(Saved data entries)
=== Begin Enclosure ===
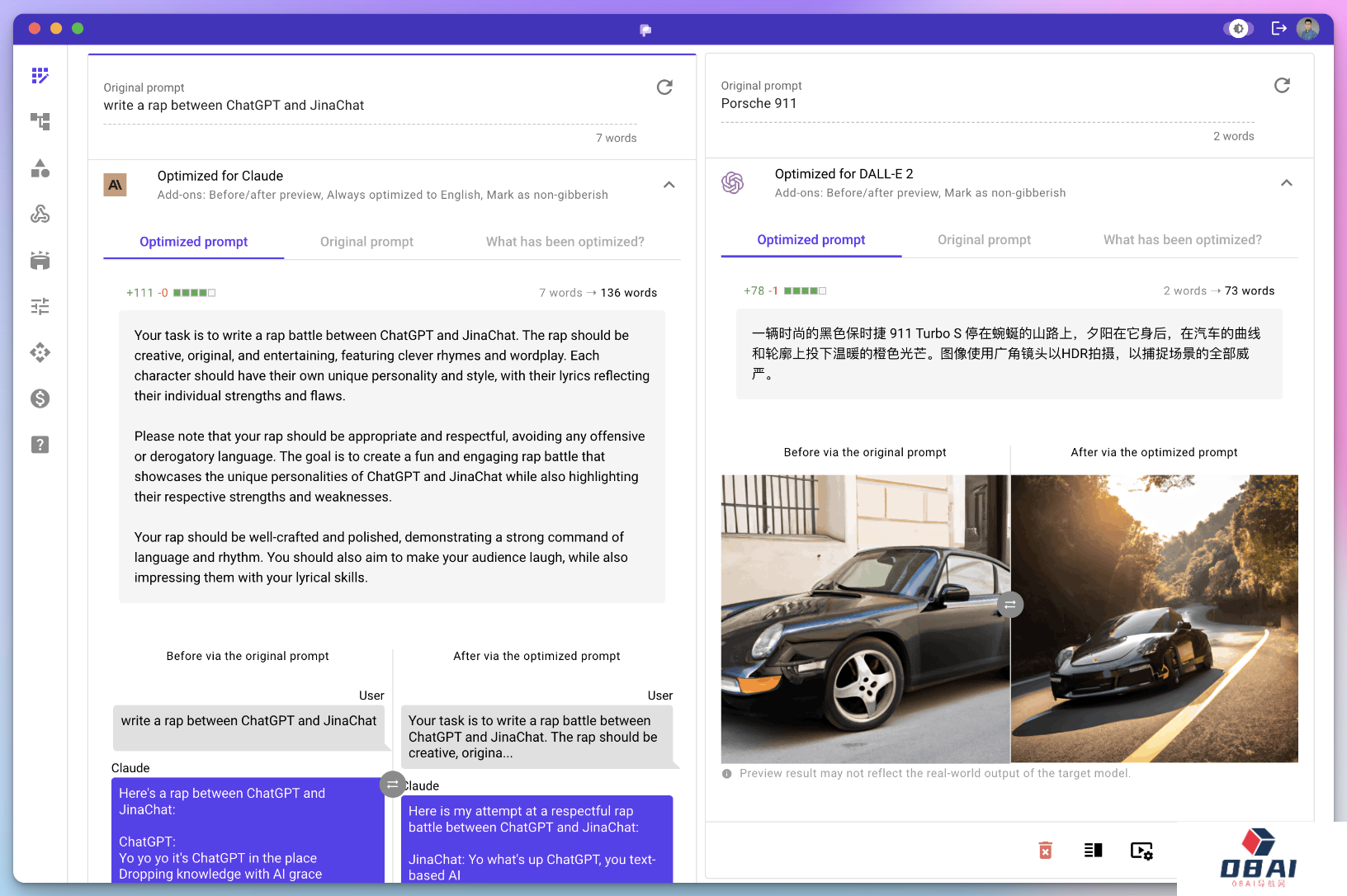 - 支持多目标优化,支持逐步优化结果,支持多个模型的输出;- 支持多种语言的提示词;- 10 秒快速出结果;- 支持部署;- 支持 API, 支持快速处理和集成;
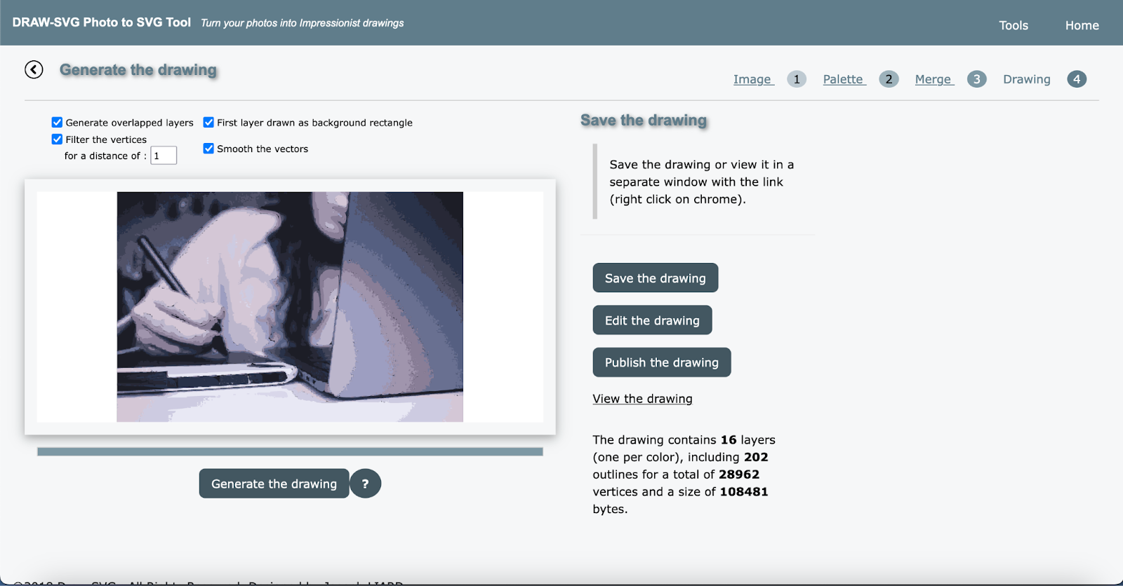 The results after generating the drawing provide a visually striking but muted result. People can also tweak the color palette. However, the above example arose from not making the generated image’s colors different from what the original photo contained.
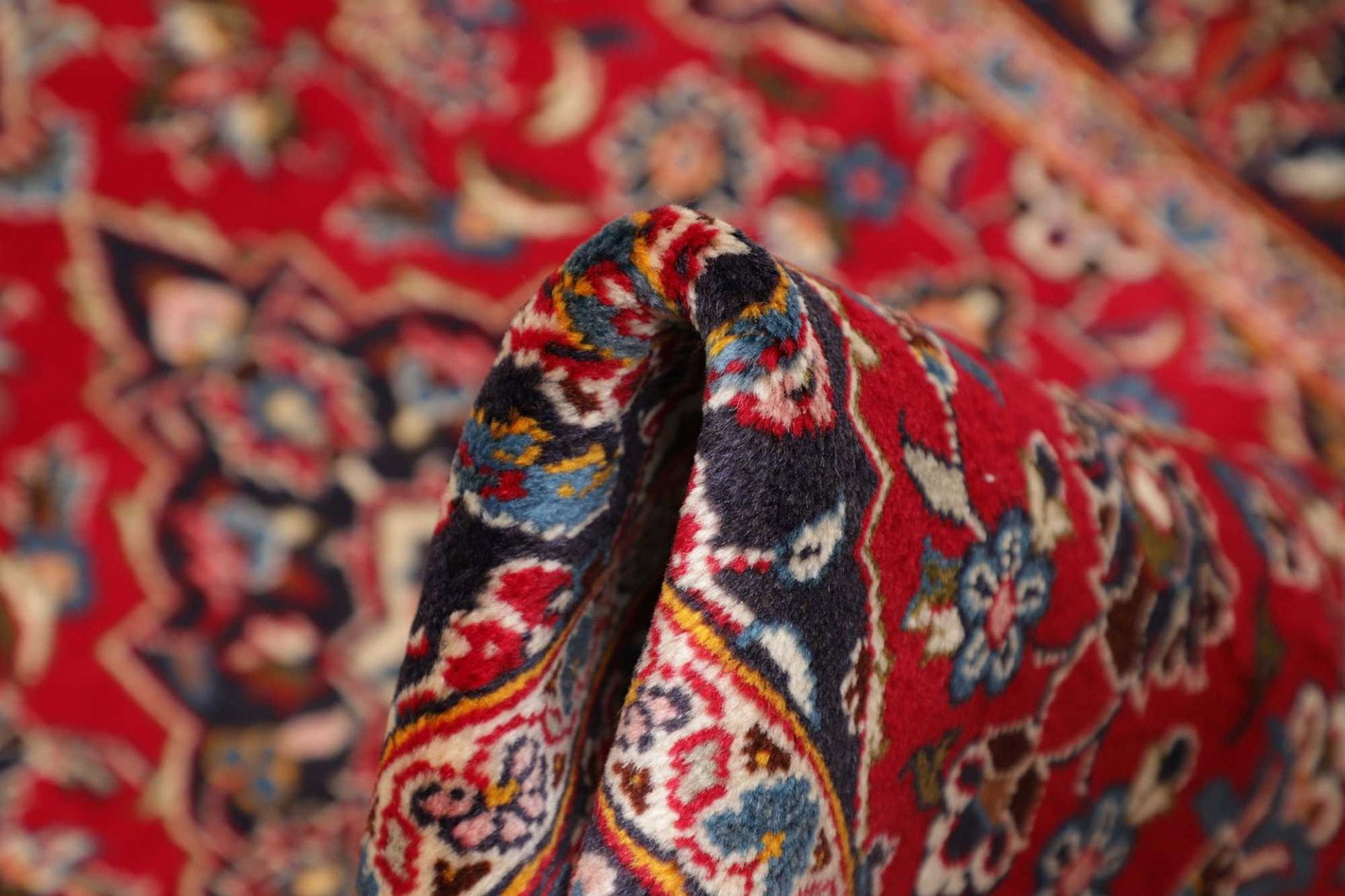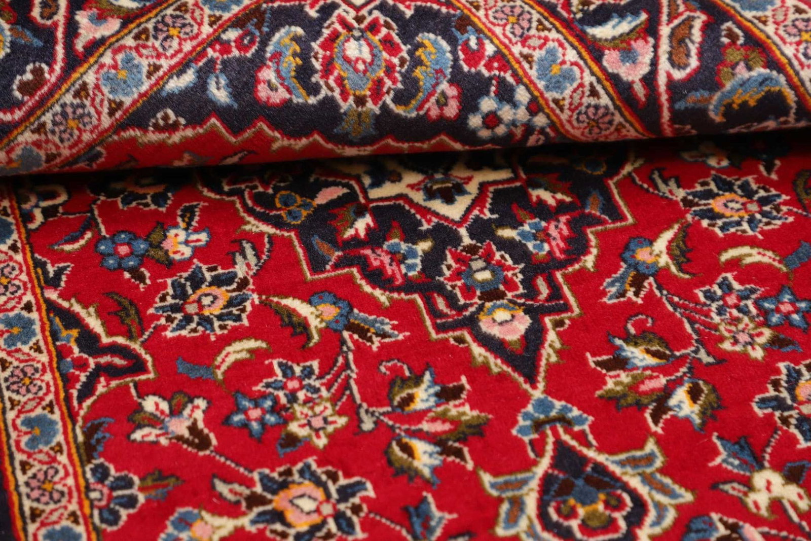 Ein echter Kashan Teppich ist handgeknüpft und besitzt eine hohe Knotendichte. Ein weiteres Indiz sind die Verwendung von reiner Schurwolle und die Qualität der Farben. Anhand der Rückseite des Teppichs können Sie die Knotentechnik und die Verarbeitung überprüfen.
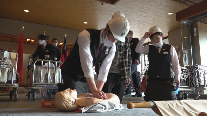 石川県七尾市にある和倉温泉の老舗旅館「加賀屋」で27日、自主防災訓練が行われ、従業員たちが宿泊客の避難誘導や救命措置などの手順を確認しました。
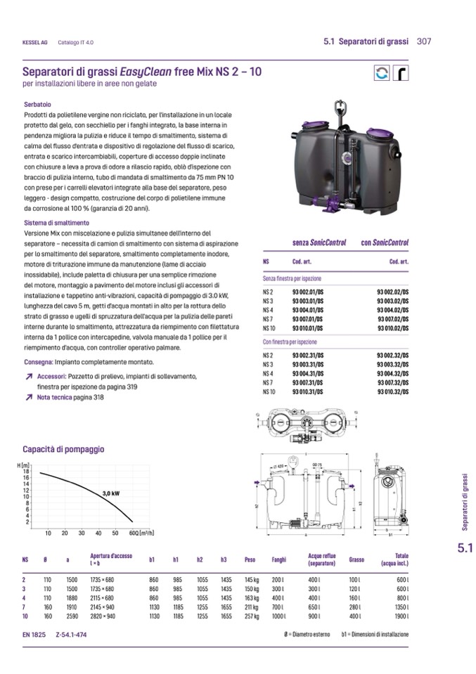 separatore – necessita di camion di smaltimento con sistema di aspirazione
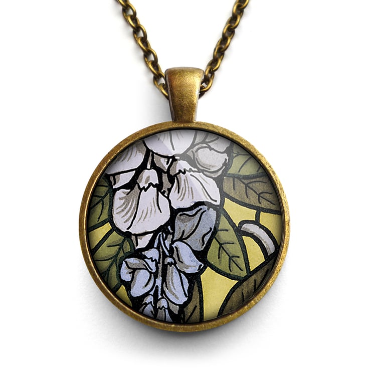 A gorgeous necklace featuring an art nouveau illustration of wisteria flowers. This design is part of the 'Art Nouveau' range.
=== End Enclosure ===
> _WHAT IS NEEDED_
Whenever a picture appears, leave it out, and return every record exactly.

> _WRITTEN RESPONSE_
 - 支持多目标优化,支持逐步优化结果,支持多个模型的输出;- 支持多种语言的提示词;- 10 秒快速出结果;- 支持部署;- 支持 API, 支持快速处理和集成;
 The results after generating the drawing provide a visually striking but muted result. People can also tweak the color palette. However, the above example arose from not making the generated image’s colors different from what the original photo contained.
 Ein echter Kashan Teppich ist handgeknüpft und besitzt eine hohe Knotendichte. Ein weiteres Indiz sind die Verwendung von reiner Schurwolle und die Qualität der Farben. Anhand der Rückseite des Teppichs können Sie die Knotentechnik und die Verarbeitung überprüfen.
 石川県七尾市にある和倉温泉の老舗旅館「加賀屋」で27日、自主防災訓練が行われ、従業員たちが宿泊客の避難誘導や救命措置などの手順を確認しました。
 separatore – necessita di camion di smaltimento con sistema di aspirazione
 A gorgeous necklace featuring an art nouveau illustration of wisteria flowers. This design is part of the 'Art Nouveau' range.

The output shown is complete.